How does it beg clarification? MATE, I have OUTLINED the approach - I have posted Rothbard's, which I agree with. YOU are the one who has not READ it, NOR responded to it. The only person under any delusions IS YOU. 




> Which positions?  I've never accused you of being one to run around rioting and looting, if that's what you're thinking (if so, reread everything I wrote).  Also, I honestly did not even assume in my own mind that you want to abolish the state by "any and all means" anyway.  *Instead, I've been trying to point out the whole time that your words are ambiguous, and if you will not qualify your arguments, I will.*  When you say that we must "abolish the state," without adding any qualifiers or conditions, such vague statements can be interpreted very broadly and carry implications that you may not (and do not in fact) mean.  When you write loaded statements without clarifying, you cannot blame other people for taking your words the way they're written.


The ONLY reason you think they NEED clarification is because *you* are ignorant of my position. You're inability to read, address or even comprehend it's existence is fundamental to the reason we've having this discussion. 

No-one else has failed to understand, *bar you.* Quit adding in the collective, you represent yourself, so speak for yourself and not others. 

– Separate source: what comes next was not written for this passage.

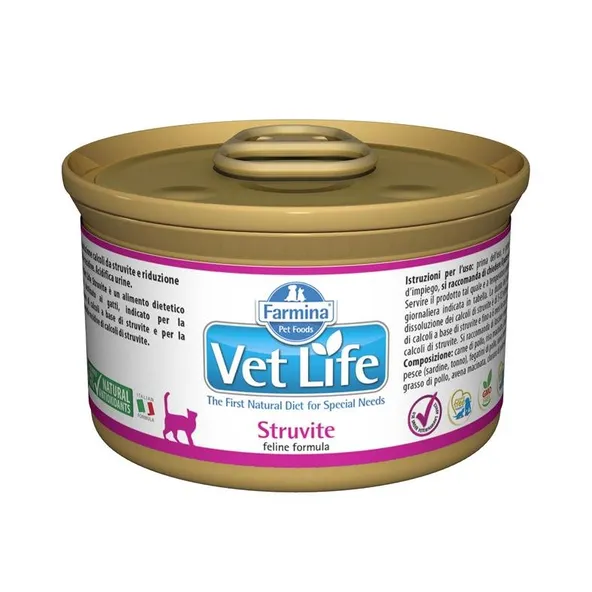 Farmina Vet Life Struvite je kompletné diétne krmivo pre dospelé mačky s receptúrou na rozpúšťanie struvitových kameňov a na zníženie rizika opakovanej tvorby struvitových kameňov.

*Toward a Strategy for Liberty  by Murray Rothbard*

_Back on page 6!_ I guess I have to assume you don't read the posts I make in the thread. 




> That's fair enough, and I certainly understand why you'd rather be called an anarcho-capitalist than an anarchist, specifically because of the extra baggage the term "anarchist" implies.  However, an anarcho-capitalist is still an anarchist in the broadest sense of one who seeks to abolish the state...which is the common thread tying all anarchist philosophies together, no matter how disparate they may be.  Besides, the very term anarcho-capitalism by itself contains "anarcho-," a prefix with clear and obvious ties to anarchism.  Unless you call your belief set by an entirely different name, such as voluntaryism (despite the implied differences in strategy with "mainstream" anarcho-capitalism), you will not free yourself entirely from the baggage of the anarchist label.  Really, that's the whole reason why the anarchists felt so obligated to write up a "rebuttal" of the anarcho-capitalist label anyway:  They were already afraid of the association the "anarcho-" prefix correctly drew with the word "anarchism," if not the disjointed and half-baked philosophy they choose to call anarchism:


The fact that there IS A DIFFERENCE. Warrants the alternate label. To say otherwise is illogical. The approach is different, the GOAL is ALSO different - the prime goal of ANARCHO-CAPITALISM = being Liberty, which involves the abolition of the state (theft, coercion & violence) whilst Anarchy traditionally is about the abolition of the state, because it protects private property. There is no regard for property rights or the non aggression axiom.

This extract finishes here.